Opened 3 years ago
Closed 3 years ago
#53093 closed enhancement (duplicate)
Network Admin Email
Reported by: | lars2923 | Owned by: | |
---|---|---|---|
Milestone: | Priority: | normal | |
Severity: | normal | Version: | 5.7.1 |
Component: | Users | Keywords: | |
Focuses: | administration | Cc: |
Description
I changed the Network Admin Email found under Setting. Here is a portion of the message received when Saving Changes: "we will send you an email at your new address to confirm it. The new address will not become active until confirmed."
What occurred to me is IF I were a hacker, I change the email address from yours to mine, All I have to do is go to MY email and acknowledge the change. What I feel should happen is an email should be sent to the address that is originally in the Network Admin Field (your address) prior to the change and have that individual (you) acknowledge the change.

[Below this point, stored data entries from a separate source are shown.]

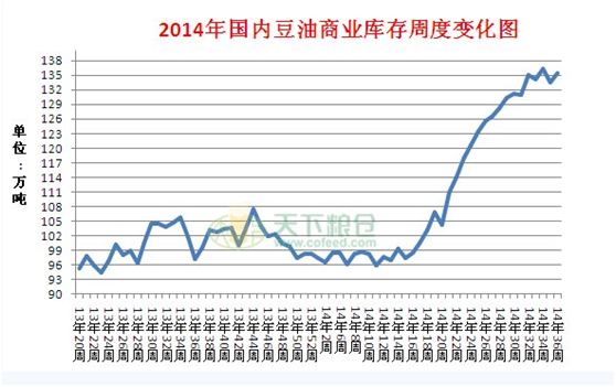 2014年的美豆生長(zhǎng)狀態(tài)良好,它們?cè)诟伤某醮合虏シN,雨水也比較適宜,沒(méi)有發(fā)生往年的洪澇等炒作因素,經(jīng)歷過(guò)盛夏,在最后預(yù)期沒(méi)有霜凍的良好狀態(tài)下完成生長(zhǎng)。相較于往年,今年是22年以來(lái)?yè)碛凶詈玫纳L(zhǎng)環(huán)境的一年,72%的美豆優(yōu)良率,最高單產(chǎn)46.4蒲式耳的預(yù)估,總產(chǎn)量接近39億蒲式耳的預(yù)估,一個(gè)個(gè)數(shù)字均創(chuàng)下歷年來(lái)的記錄。然而在沒(méi)豆一路豐產(chǎn)的形勢(shì)下,再看CBOT的美豆報(bào)價(jià),劍指1000美分/蒲式耳,創(chuàng)了4年以來(lái)的歷史新低,再算上通貨膨脹,這個(gè)數(shù)字還要繼續(xù)做加法。作為大豆重要的產(chǎn)成品豆油,則面臨著似乎更大的困境,高企的庫(kù)存,不振的需求,接下來(lái)的行情又該如何演繹。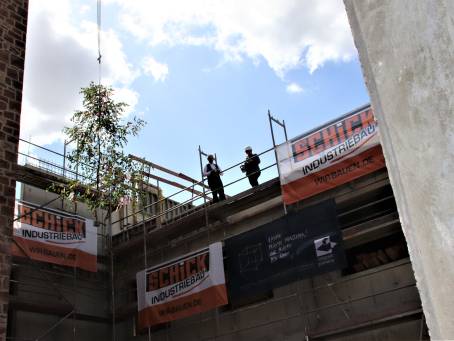 Es ist viel passiert auf der KA.RE. Baustelle in der Biegenstraße 18. Seit dem Spatenstich im April 2022 und der Grundsteinlegung im Juli 2022 sind die Bauarbeiten für das neue katholische Regionalhaus „KA.RE.“ neben der Kirche St. Peter und Paul in vollem Gange. Umfangreiche Abbruch-, Erd- und Gründungsarbeiten sowie das Herstellen der Bodenplatte waren im Vorfeld notwendig, doch jetzt nimmt das Gebäude auch äußerlich Form an. Täglich wachsen die Wände mehr in die Höhe. Die Rohbauarbeiten gehen damit im zweiten Quartal zu Ende und ein weiterer Meilenstein ist erreicht: am 17. Mai haben wir das Richtfest mit den Mitarbeitenden der Baustelle, den Nachbarn und allen engagierten Beteiligten, die von Beginn an zum Gelingen des Projektes KA.RE. beigetragen haben, gefeiert.
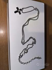 Collana da uomo realizzata in acciaio anallergico. Croce pendente con zirconi neri e bianchi.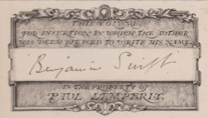 Spine a bit slanted. Boards with light rubbing to extremities; SIGNED by Swift, the English satirist, poet, political writer, and clergyman on tipped-in bookplate. Top edge gilt. Including contemporary letter on light blue "5 Cornwall Mansions" stationery, tipped-in to front endpaper; 8vo 8" - 9" tall; 266 pages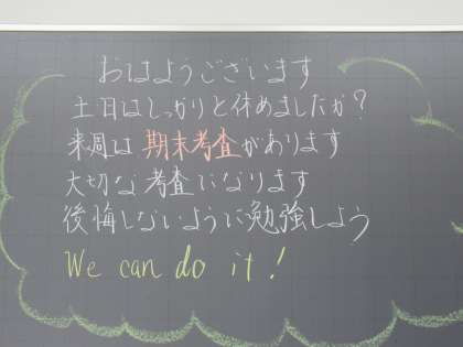今日から、2学期末考査に向けて部活動停止期間となります。放課後の時間を有効に使い、学んだことを総復習しましょう。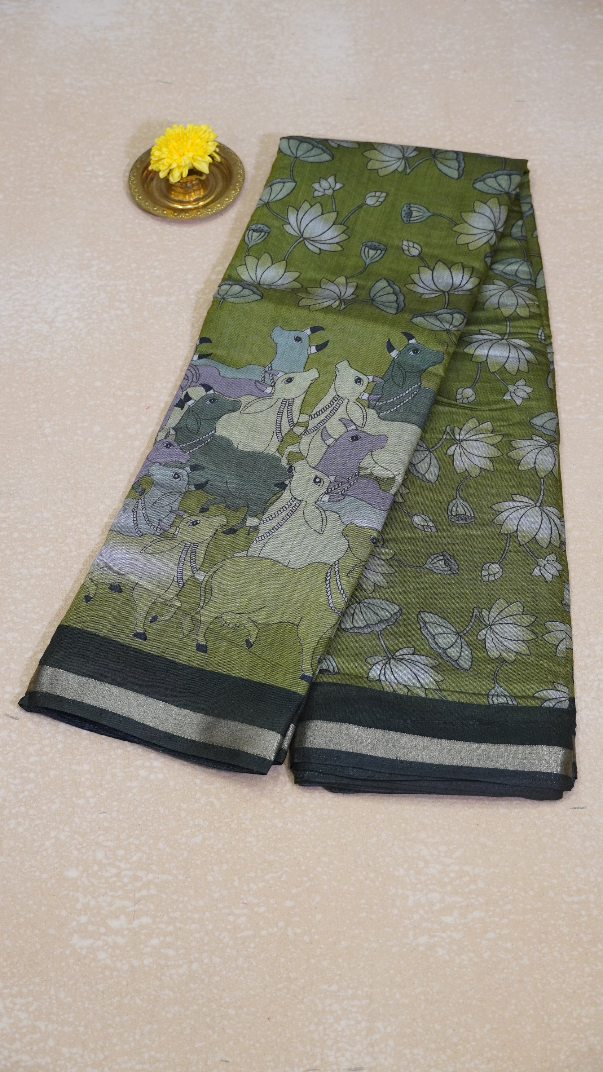 Malai Cotton Saree Pichwai & Floral Print - Green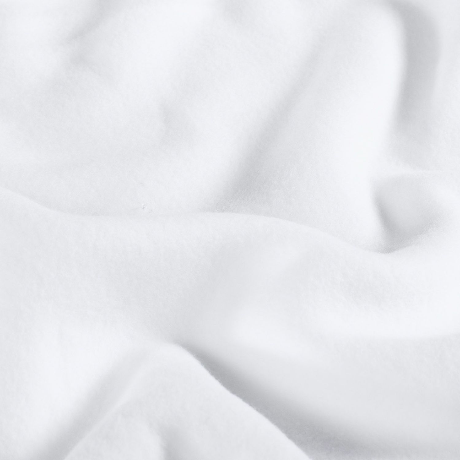 Knus, zacht en stralend wit – deze katoenfleece in klassiek wit is een echte allrounder voor al je comfortabele projecten. Het oppervlak voelt pluizig en zacht aan, als een lichte wolk waarin je het liefst meteen zou willen duiken.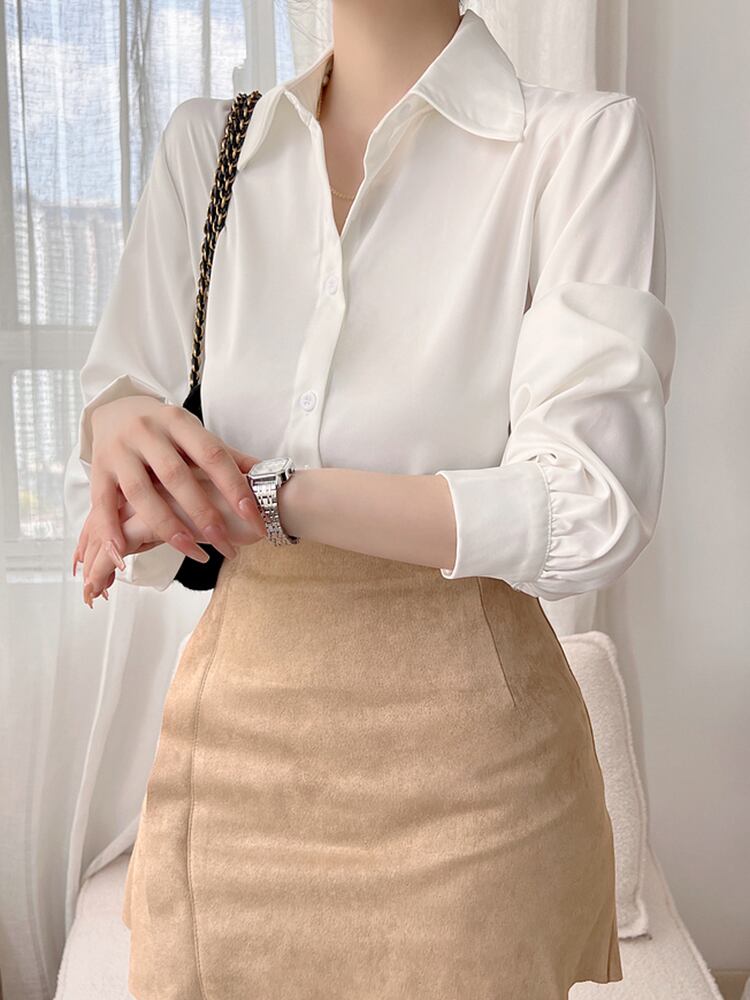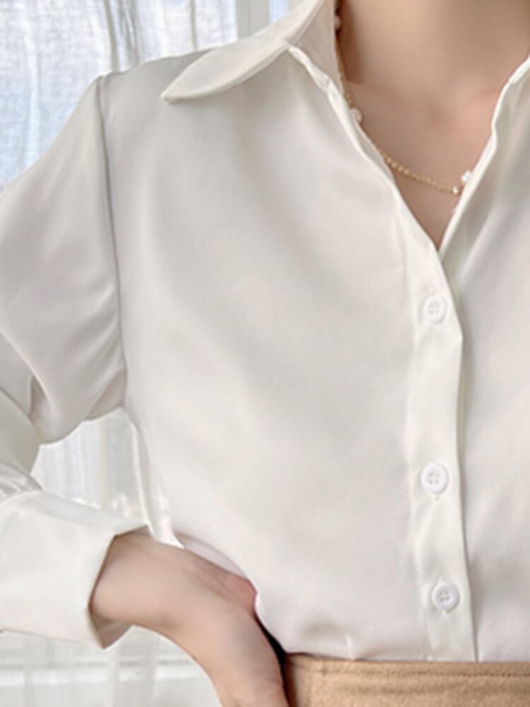 【EWQ】シンプル長袖レディースゆったり白トップスオフィスシャツシングルブレストブラウス春秋 ロング ホワイト スプリング 春物 オータム 秋物 会社 学校 通勤や通学にも

As it stands, I as a hacker can change the address to my address and it is my address that received the email requesting acknowledgement, not yours.
Hi there, welcome to WordPress Trac!
Thanks for the report, we're already tracking this issue in #48563.
As noted in [41254] / #39118, the confirmation sent to the new email is not meant as a security step, it only prevents accidental or erroneous email address changes from potentially locking users out of their site.
[41164] / #39117 added a notification sent to the old admin email address as well, to reduce the chances of a site compromise going unnoticed.
Let's continue the discussion in #48563 to keep it in one place.